その石鹸をまじまじと見ると、「100%PURE」と彫られていて、老人の態度から、それが偽りでないと思った。
「ちょうだい!」と言うと、「それはだめだ」と言う。
「え?」という顔をすると、老人はカウンターの下から真新しい石鹸を取り出した。確かに、わたしが手にした石鹸は、日に晒されて年季が入っている。
「白いのと、緑のとどっちがいいか?」
と聞くので、
「両方!」と、叫んだ。
「一個、8ルピーだ。」
インドでの値段は大概いいかげんだが、このときは、老人の態度から正当な値段を言われたような気がした。

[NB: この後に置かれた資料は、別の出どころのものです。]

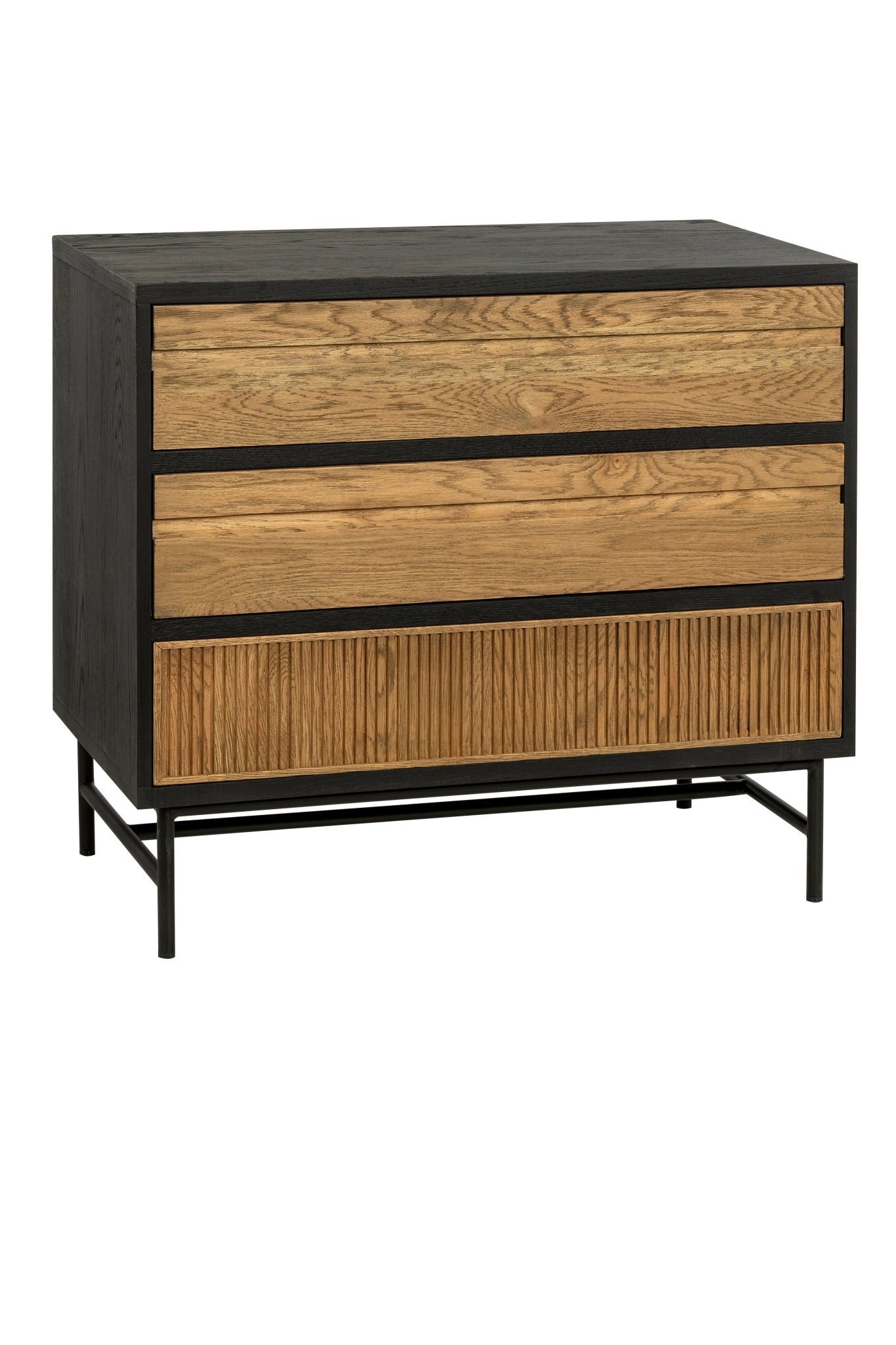 Cómoda fabricada en madera de roble en color natural y negro y estructura de patas en hierro color negro.

 石鹸を手に入れて、大きな通りから少し入った旅行者なら警戒心を持って歩いた方がいいような小さな通りを歩いた。すると、赤ん坊を抱えた小さな女の子が「お金、ちょうだい」と手を出す。わたしは、ちょっと多いと思ったが、10ルピーを彼女に渡した。すると、「この子にも」と赤ん坊を指す。こういうことがインドでは多くて、彼らにとっては、自分の分と赤ん坊の分は別らしい。そこでわたしは、10ルピー渡した。
 実は、このときわたしはお金の計算が下手で、1ルピーが何円という感覚をまったく持っていなかった。自分のポケットに大体いくらのルピーがあるかを頭に入れておき、インドの一般的な人びと(大体は商人)たちのお金に対する言い方や、反応や、態度で、ルピーの価値を計りながらお金を使っていた。しかも、かなりの額のルピーがポケットにあったのにも関わらず、彼らより、ほんの少し自由になるお金がある、くらいの感覚でルピーを扱っていて、10ルピーというのは、日本では、子どもへの駄賃にもならないくらいの額なのに、8ルピーで上等な石鹸を買った感覚を身につけていたわたしは、10ルピーに重さを感じていた。言うならば、お金に関して、彼らのひとりになりきっていた。

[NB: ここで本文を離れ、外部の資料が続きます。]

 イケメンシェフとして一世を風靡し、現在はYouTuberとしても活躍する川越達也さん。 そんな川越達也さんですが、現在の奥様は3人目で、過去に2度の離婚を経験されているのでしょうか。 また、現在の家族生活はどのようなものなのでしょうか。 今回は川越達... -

 気前の良いわたしを見て、女の子はわたしに「もっと、ちょうだい」と言ってきた。「これは、いかん」と何を思ったのか、わたしは彼女に説教を始めた。何を言ったのか、まるで覚えていないのだが、この説教は10分間くらい続いた。すると、周りの商人たちもこれを見ていて、インド慣れした風の西洋人もにこにこしながら見ていて、やはり、路上生活者の女の人もこれを見ていた、というより、聞いていた。
 このとき、わたしは女の子の目を見ながら話していたのだが、この路上生活者の女の人の気配を感じていた。わたしはこの人を知っていた。このときより、数年前にやはりインドを訪れたときに、やはりこの通りを通ったときに、彼女はいて、わたしに手を差しだした。1ルピーを彼女の手に乗せると、彼女はすごい剣幕で怒った。そのときのわたしには、彼女の怒りが全く理解できず、1ルピーもあれば、近くの屋台でクッキーが一枚食べられるのに、くらいに思った。それに、ガイドブックには、彼らのような人びとはルピーより下のサンチームという単位でお金を使っている、と書いてあったので、そういうものだろう、と思っていた。彼女にわたしはもう1ルピー渡したが、それでも、彼女は怒っていた。彼女は、通りすがりに過ぎなかったのに、彼女の顔はわたしの中に強い印象として残った。石鹸屋に行く前、わたしは彼女にすでに対面していた。数年前とそっくりの顔で彼女はいて、初めから怒っていた。以前のことがあるので、わたしは彼女に100ルピー渡した。いつものくせなのか、彼女はそれに文句をつけた。わたしはさらに、10ルピー渡した。もっとくれと言われたら、もっと渡そうかと思ったが、それを受け取ると、彼女がわたしに向けていた圧迫感がふっと軽くなり、わたしは彼女を後にした。この女の人が、さっきの怒っている態度と打って変わって、子どもを持つ母親の態度で、わたしの話を神妙に聞いているのが、気配でわかった。しかも、何事かを彼女の中で恥じているのが感じられた。この、旅行者に向ける顔とはまるで違う、彼女の側面にわたしは触れて、人びとの布施で生活をすることを強いられている人々の心を知った。何が他の人と違うと言うのだろう。彼女の怒りは大きな意味を持ってわたしの中に入ってきた。彼女は、ひとりの人間の価値観を変えたのである。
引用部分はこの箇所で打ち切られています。